(DATA SHOWN begins)

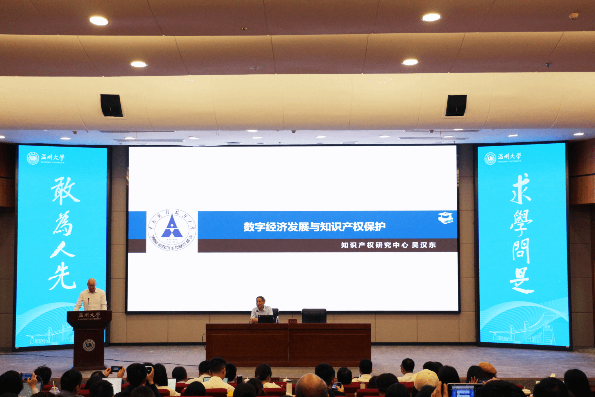 5月23日下午,中南财经政法大学原校长、博士生导师吴汉东教授受邀做客“温州法治大讲坛”,在av天堂 育英图书馆学术报告厅做了一场题为“数字经济发展与知识产权保护”的学术讲座。本次讲座由中共温州市委政法委员会、温州市法学会、av天堂 主办,温州市律师协会、温州市知识产权协会协办,吸引了来自全市220余名专家、学者、律师和学生前来参加。av天堂 党委委员、纪委书记李都金出席了本次活动。
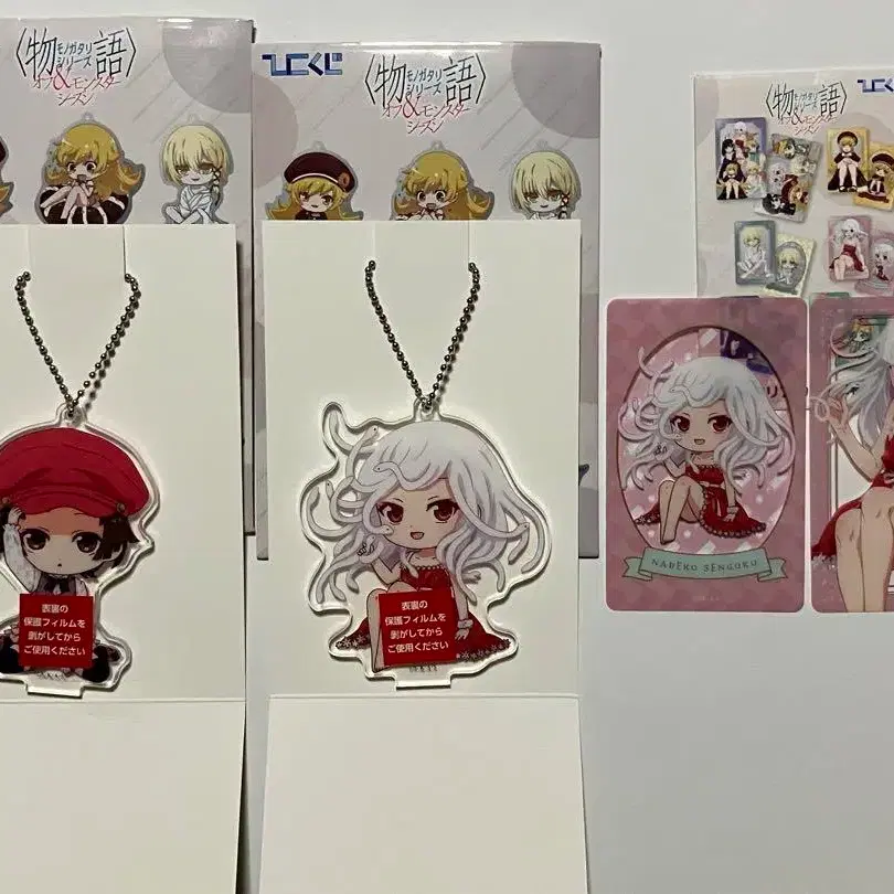 히코쿠지 모노가타리 시리즈 오프 & 몬스터 시즌 D상 아크릴 참 4 센고쿠 나데코 A D상 아크릴 참 5 센고쿠 나데코 B E상 클리어 카드 2장 세트 센고쿠 나데코 상기 3점 세트입니다. 미사용 새상품입니다. 아크릴 참은 보호 필름을 떼지 않고 그대로 붙어 있습니다. 클리어 카드는 약간의 마찰 흠집이 있습니다. 배송 방법은 유유 메루카리 택배입니다. 니시오 이신
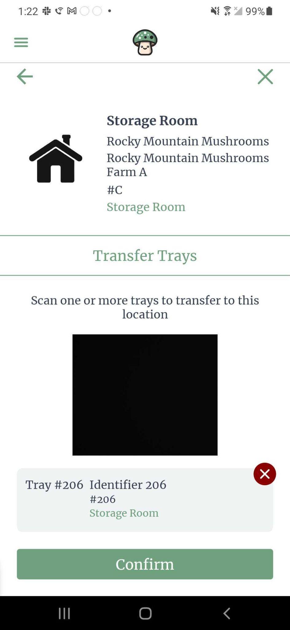 You can transfer trays to a storage room. When you scan a storage room, you will be able to transfer one or more trays at a time to the storage room.
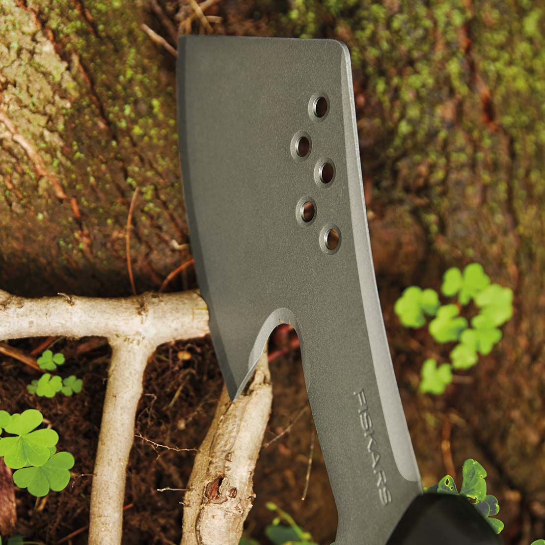 - Ostrze w kształcie toporka doskonałe do cięcia korzeni, winorośli, małych gałęzi i wiele więcej
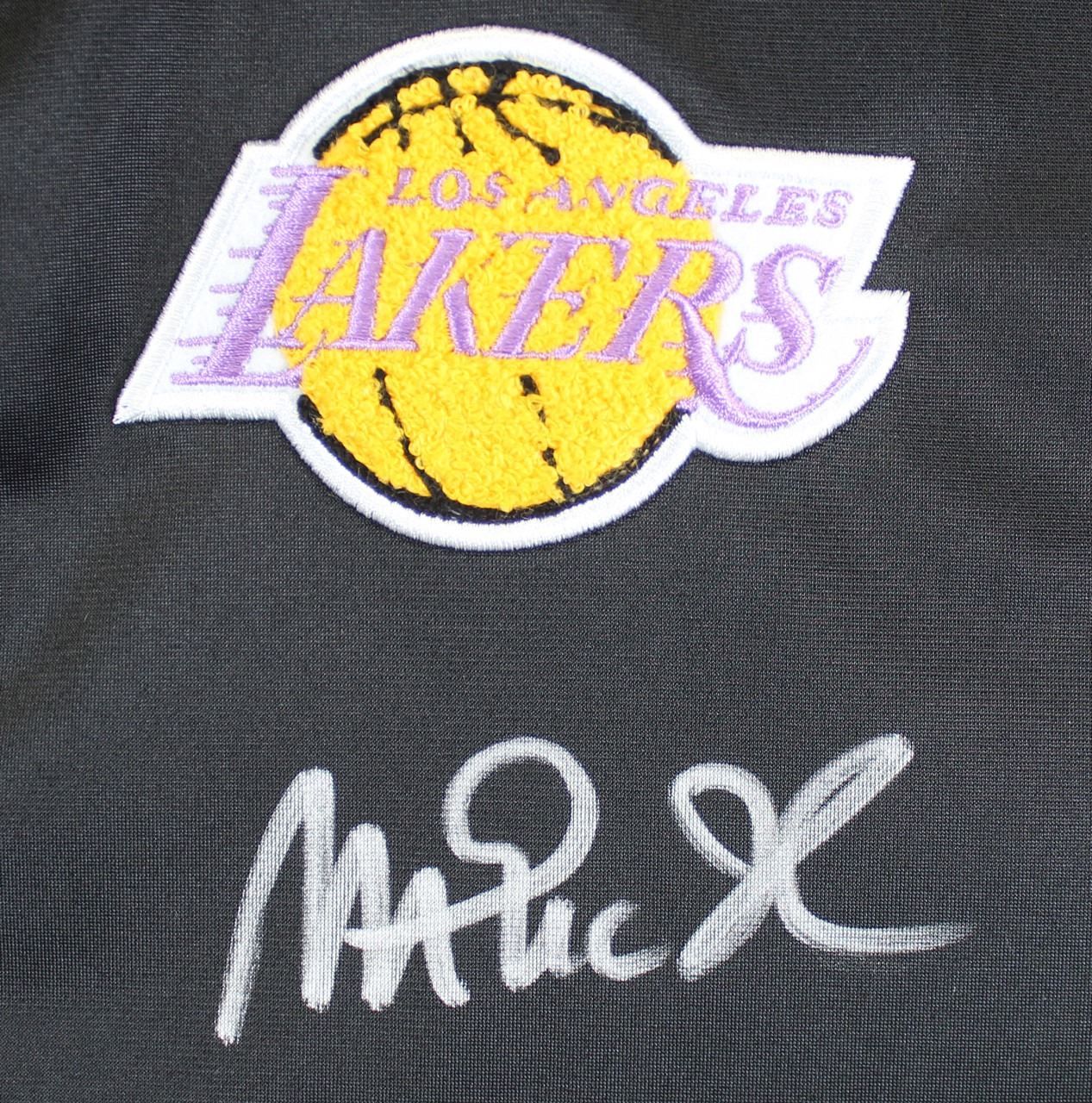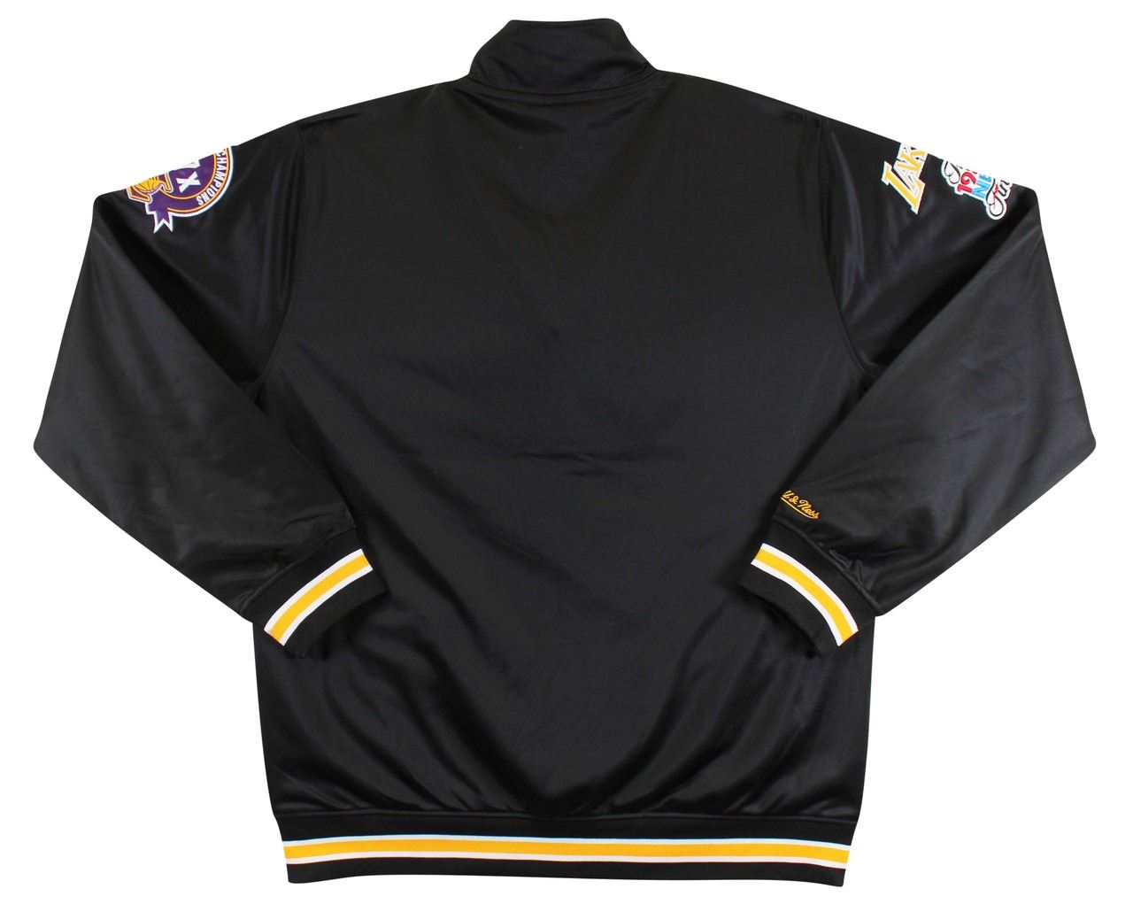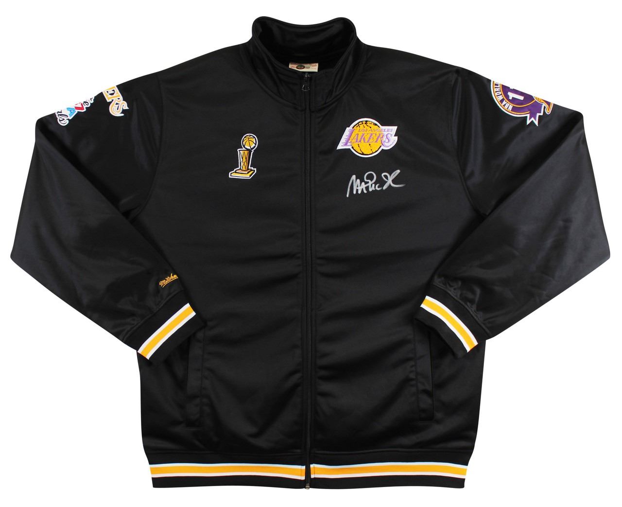 MAGIC JOHNSON SIGNED LA LAKERS BLACK M& N HWC BOMBER JACKET W/PATCHES (BAS WITNESSED)
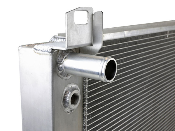 This BladeRunner Street Series Radiator features a 2-1/4" thick tube and fin core which provides greater heat dissipation and better coolant flow than the factory radiator for optimum cooling efficiency. The fabricated end tanks are constructed out of 1/8" aluminum plates for strength and durability. Billet aluminum inlet and outlet for long-lasting reliability. 100% TIG-welded for proven strength and durability. BladeRunner Street Series Radiators include a brass drain valve with fitting to easily connect a hose for draining coolant. Utilizes the factory mounting locations to provide stability for a hassle-free installation. Brushed aluminum finish with an aFe POWER logo painted on the front.
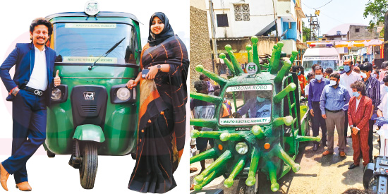ரிமோட்டை இயக்கினால் ரோபோ ஆட்டோவில் இருந்து இறங்கி தடைசெய்யப்பட்ட பகுதிகளில் மருந்தை தெளிக்கத் தொடங்கும். இதில் மக்களுக்கு இலவச கபசுரக் குடி நீர், இலவச முகக் கவசங்கள், கை சுத்தம் செய்யும் சானிடைசர்களையும் வழங்கினோம். மினி ஆம்புலன்ஸாகவும் ஆட்டோவை ரெடி செய்து வைத்துள்ளோம். உபயோகத்தில் உள்ள பெட்ரோல், டீசல் ஆட்டோக்களையும் எலெக்ட்ரிக் ஆட்டோவாக மாற்றித் தரும் ரெட்ரோபிட்(retrofit) முறையும் எங்களிடம் உள்ளது. இப்போது நிறைய ஆர்டர்கள் வரத் தொடங்கியுள்ளன. காய்கறி ஆட்டோக்களுக்கு நிறைய ஆர்டர் வருகிறது. 5 மினி உணவக ஆட்டோவை பாண்டிச்சேரிக்கு தயாரித்துக் கொடுத்துள்ளோம். அதேபோல் தையல் மெஷின் பொருத்திய ஆட்டோக்கள் மூன்றை தயாரித்து வழங்கியுள்ளோம். ஒரு ஆட்டோவிற்கு 3 லட்சத்தில் ஆரம்பித்து 5 லட்சம் செலவாகும். இது தொழிலுக்குத் தேவையான உள் கட்டமைப்பும் சேர்ந்தது. அதாவது மெஷினரி ஓரியன்டெட். காய்கறி விற்பனை என்றால் வெஜிடபிள் ட்ரேஸ் இன் பில்டாய் உள்ளே இருக்கும். கஃபே ஷாப் எனில் அதற்கான பொருட்கள் இணைக்கப்பட்டு இருக்கும். தொழிலுக்கென எதையும் வாங்கத் தேவையில்லை.
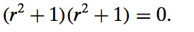 For complex solutions, that is, where you have a characteristic equation that has complex roots. You must first factor it as far as you can and then find the complex solutions. For example:
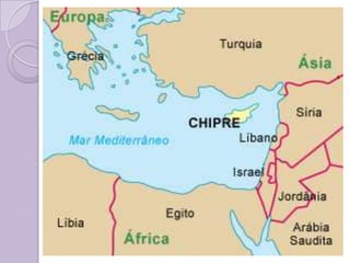 Chipre es una isla mediterránea dividida políticamente entre la República de Chipre, reconocida internacionalmente, y la República Turca del Norte de Chipre, reconocida solo por Turquía. La isla tiene un clima mediterráneo y un terreno montañoso, y la mayoría de la población es cristiana ortodoxa griega o musulmana. La economía se basa en los servicios y el turismo.
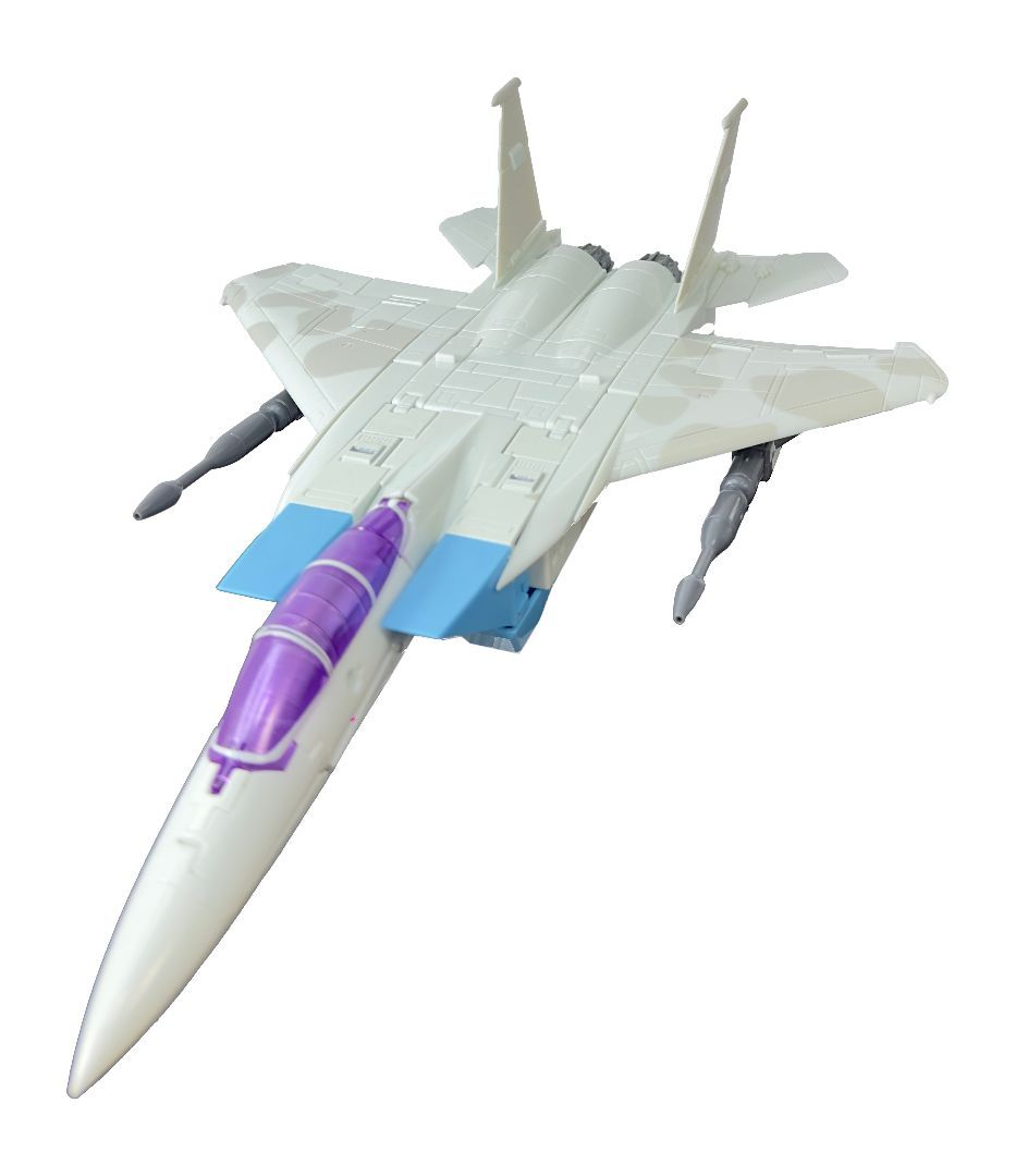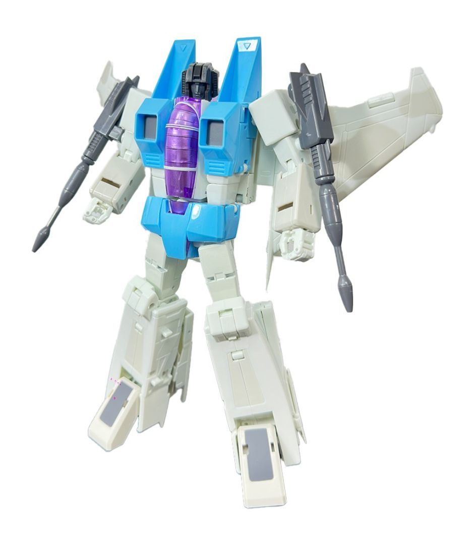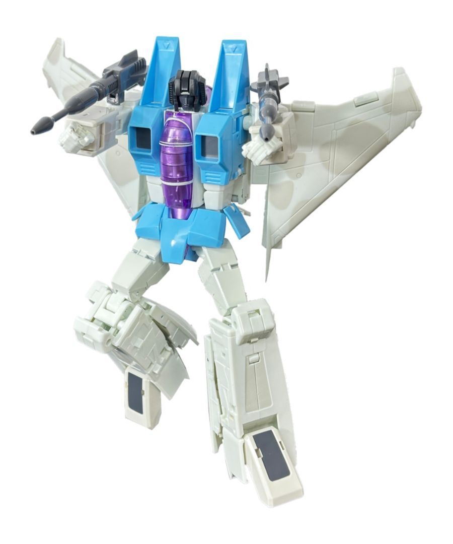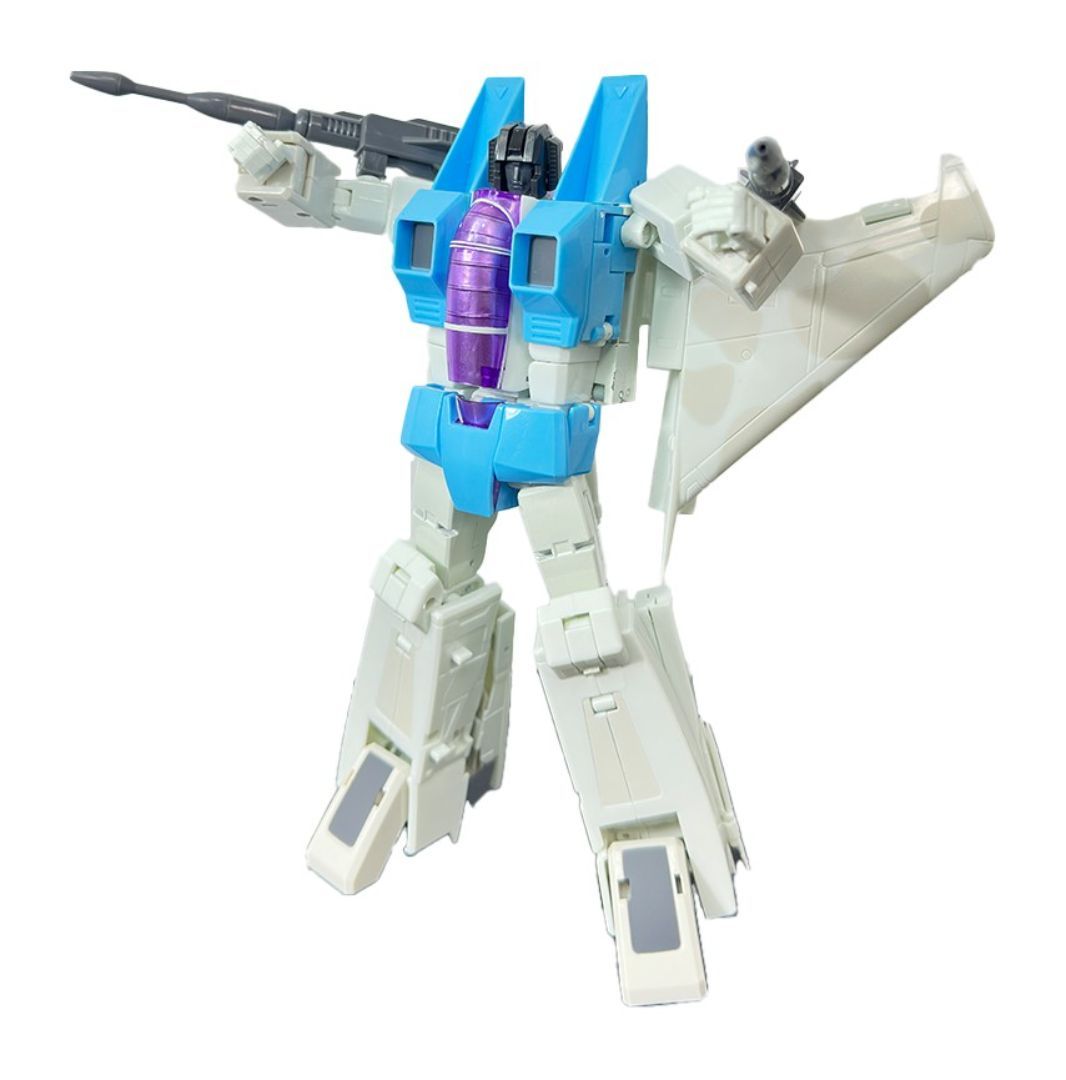 Я очень рад новому MTRC-13 Ice Scream от MakeToys! По сути, это новая цветовая схема для одного из их существующих дизайнов, и это просто фантастика. Он трансформируется из робота в действительно крутой истребитель F15 Eagle. Интересно, что ракетные установки на истребителе превращаются в эти потрясающие пушки нулевого луча, когда он находится в режиме робота. Цвета – это то, что меня действительно зацепило – в основном серый, как белый камуфляж, с поразительным синим торсом и почти кристаллическим фиолетовым цветом для груди, которая является носовым обтекателем истребителя. Он мне очень напоминает созданного фанатами персонажа Ice Storm, Seekera с похожими белыми и синими цветами. Хотя Hasbro и Takara Tomy никогда официально не выпускали Seekera в этих цветах, здорово увидеть другую интерпретацию классической формы Starscream – это одна из многих перекрасок, и я только за!

(DATA SHOWN ends)

From the data above, return exactly the lines from the one with "히코쿠지 모노가타리 시리즈" up to and including the one with "This BladeRunner Street". Pictures do not go in the copy.

» **EXERCISE OUTPUT**:
 히코쿠지 모노가타리 시리즈 오프 & 몬스터 시즌 D상 아크릴 참 4 센고쿠 나데코 A D상 아크릴 참 5 센고쿠 나데코 B E상 클리어 카드 2장 세트 센고쿠 나데코 상기 3점 세트입니다. 미사용 새상품입니다. 아크릴 참은 보호 필름을 떼지 않고 그대로 붙어 있습니다. 클리어 카드는 약간의 마찰 흠집이 있습니다. 배송 방법은 유유 메루카리 택배입니다. 니시오 이신
 You can transfer trays to a storage room. When you scan a storage room, you will be able to transfer one or more trays at a time to the storage room.
 - Ostrze w kształcie toporka doskonałe do cięcia korzeni, winorośli, małych gałęzi i wiele więcej
 MAGIC JOHNSON SIGNED LA LAKERS BLACK M& N HWC BOMBER JACKET W/PATCHES (BAS WITNESSED)
 This BladeRunner Street Series Radiator features a 2-1/4" thick tube and fin core which provides greater heat dissipation and better coolant flow than the factory radiator for optimum cooling efficiency. The fabricated end tanks are constructed out of 1/8" aluminum plates for strength and durability. Billet aluminum inlet and outlet for long-lasting reliability. 100% TIG-welded for proven strength and durability. BladeRunner Street Series Radiators include a brass drain valve with fitting to easily connect a hose for draining coolant. Utilizes the factory mounting locations to provide stability for a hassle-free installation. Brushed aluminum finish with an aFe POWER logo painted on the front.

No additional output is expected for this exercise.